* **INFORMATION PROVIDED**:
....

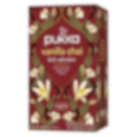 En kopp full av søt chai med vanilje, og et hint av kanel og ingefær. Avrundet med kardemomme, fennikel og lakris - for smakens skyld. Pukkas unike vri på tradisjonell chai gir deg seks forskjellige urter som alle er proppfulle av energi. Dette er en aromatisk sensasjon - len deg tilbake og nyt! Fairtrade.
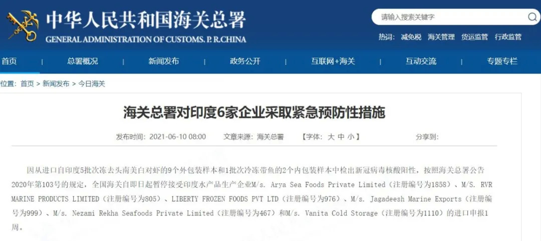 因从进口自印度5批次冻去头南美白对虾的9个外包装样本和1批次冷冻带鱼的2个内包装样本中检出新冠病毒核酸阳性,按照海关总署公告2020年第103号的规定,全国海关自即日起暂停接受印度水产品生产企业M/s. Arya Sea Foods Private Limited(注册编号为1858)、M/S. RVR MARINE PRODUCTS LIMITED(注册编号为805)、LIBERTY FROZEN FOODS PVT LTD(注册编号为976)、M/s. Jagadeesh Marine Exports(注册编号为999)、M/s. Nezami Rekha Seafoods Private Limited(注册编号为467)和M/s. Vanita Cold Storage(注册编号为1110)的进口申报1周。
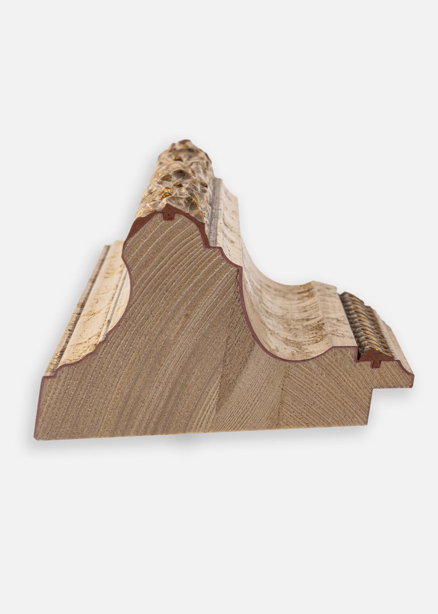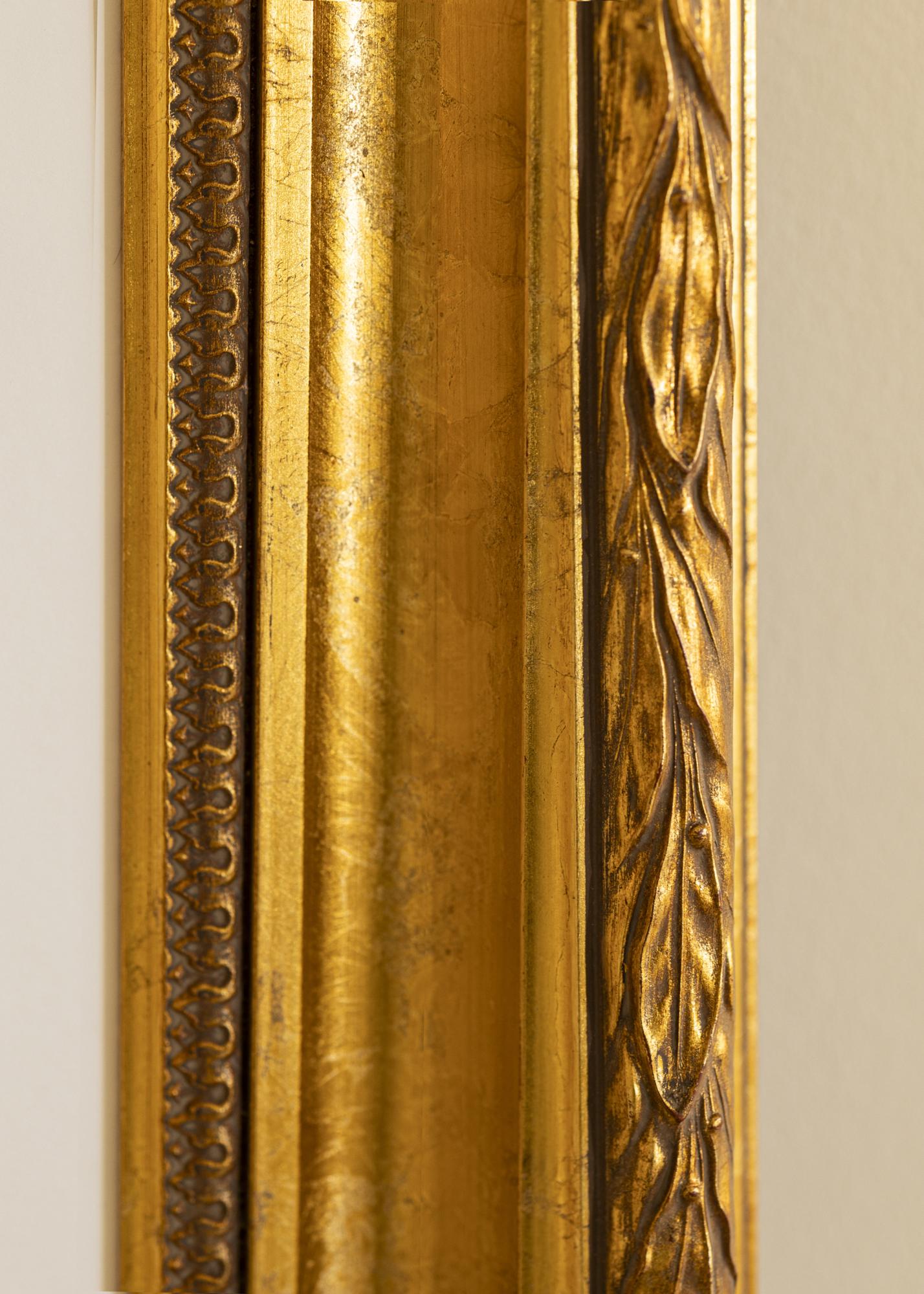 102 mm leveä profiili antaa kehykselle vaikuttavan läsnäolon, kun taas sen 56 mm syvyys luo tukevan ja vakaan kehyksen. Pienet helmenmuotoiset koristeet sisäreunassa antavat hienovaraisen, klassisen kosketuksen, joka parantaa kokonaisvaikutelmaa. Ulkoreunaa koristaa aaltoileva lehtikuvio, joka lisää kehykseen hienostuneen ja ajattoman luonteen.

....

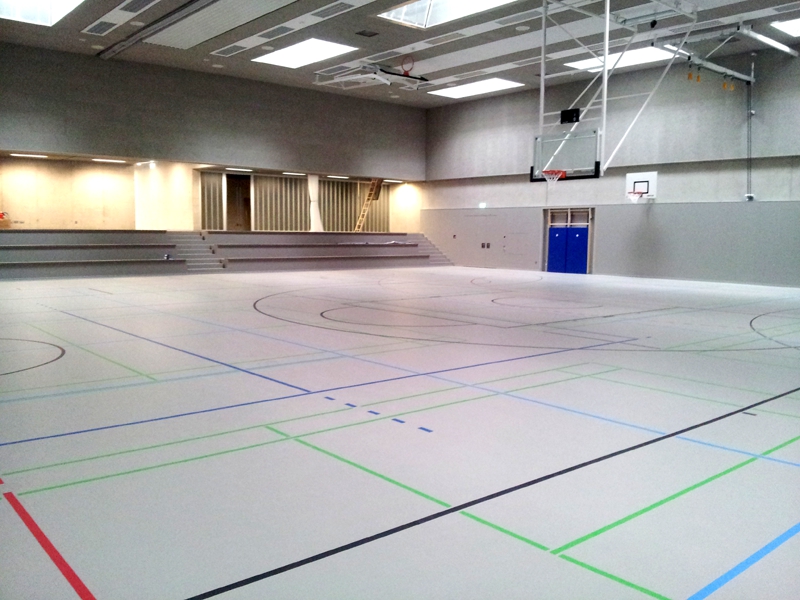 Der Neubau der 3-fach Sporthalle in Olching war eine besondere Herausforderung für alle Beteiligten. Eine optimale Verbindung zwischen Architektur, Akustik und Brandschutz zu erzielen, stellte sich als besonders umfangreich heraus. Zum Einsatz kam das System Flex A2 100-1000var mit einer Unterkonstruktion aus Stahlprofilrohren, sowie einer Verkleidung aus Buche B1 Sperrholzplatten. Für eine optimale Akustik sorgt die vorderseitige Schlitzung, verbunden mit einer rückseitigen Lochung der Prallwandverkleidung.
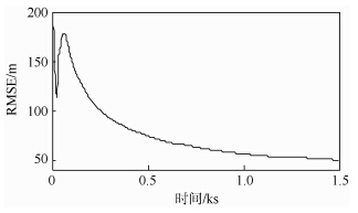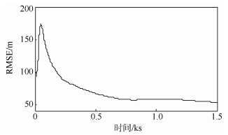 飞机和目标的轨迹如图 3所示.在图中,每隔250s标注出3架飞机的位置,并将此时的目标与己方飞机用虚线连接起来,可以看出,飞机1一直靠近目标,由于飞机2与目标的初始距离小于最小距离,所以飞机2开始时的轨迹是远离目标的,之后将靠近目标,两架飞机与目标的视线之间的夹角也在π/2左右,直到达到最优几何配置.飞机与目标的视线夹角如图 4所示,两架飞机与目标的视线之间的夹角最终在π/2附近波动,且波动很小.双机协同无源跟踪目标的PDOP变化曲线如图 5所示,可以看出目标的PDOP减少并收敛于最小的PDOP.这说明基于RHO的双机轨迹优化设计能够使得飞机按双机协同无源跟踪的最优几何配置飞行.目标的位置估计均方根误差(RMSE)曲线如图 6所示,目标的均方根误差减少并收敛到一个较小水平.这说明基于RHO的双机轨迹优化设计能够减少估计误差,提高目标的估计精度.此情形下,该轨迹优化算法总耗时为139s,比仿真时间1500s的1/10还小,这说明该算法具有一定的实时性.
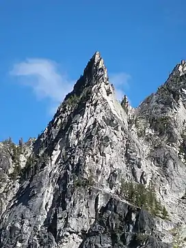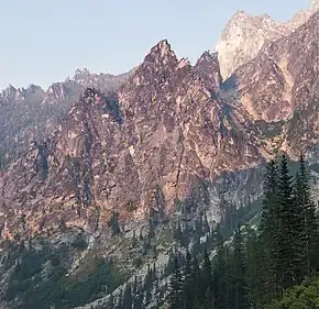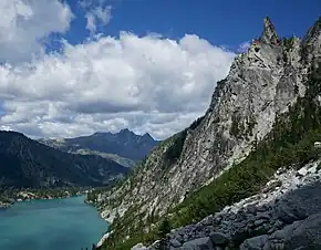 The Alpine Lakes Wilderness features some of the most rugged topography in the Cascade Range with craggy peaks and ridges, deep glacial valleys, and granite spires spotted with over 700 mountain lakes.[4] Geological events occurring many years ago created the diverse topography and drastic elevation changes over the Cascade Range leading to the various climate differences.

....

A clean copy is needed of the lines above from the one with "En kopp full" up to and including the one with "102 mm leveä". Please set it down exactly, with no pictures.

* **SOLUTION**:
 En kopp full av søt chai med vanilje, og et hint av kanel og ingefær. Avrundet med kardemomme, fennikel og lakris - for smakens skyld. Pukkas unike vri på tradisjonell chai gir deg seks forskjellige urter som alle er proppfulle av energi. Dette er en aromatisk sensasjon - len deg tilbake og nyt! Fairtrade.
 因从进口自印度5批次冻去头南美白对虾的9个外包装样本和1批次冷冻带鱼的2个内包装样本中检出新冠病毒核酸阳性,按照海关总署公告2020年第103号的规定,全国海关自即日起暂停接受印度水产品生产企业M/s. Arya Sea Foods Private Limited(注册编号为1858)、M/S. RVR MARINE PRODUCTS LIMITED(注册编号为805)、LIBERTY FROZEN FOODS PVT LTD(注册编号为976)、M/s. Jagadeesh Marine Exports(注册编号为999)、M/s. Nezami Rekha Seafoods Private Limited(注册编号为467)和M/s. Vanita Cold Storage(注册编号为1110)的进口申报1周。
 102 mm leveä profiili antaa kehykselle vaikuttavan läsnäolon, kun taas sen 56 mm syvyys luo tukevan ja vakaan kehyksen. Pienet helmenmuotoiset koristeet sisäreunassa antavat hienovaraisen, klassisen kosketuksen, joka parantaa kokonaisvaikutelmaa. Ulkoreunaa koristaa aaltoileva lehtikuvio, joka lisää kehykseen hienostuneen ja ajattoman luonteen.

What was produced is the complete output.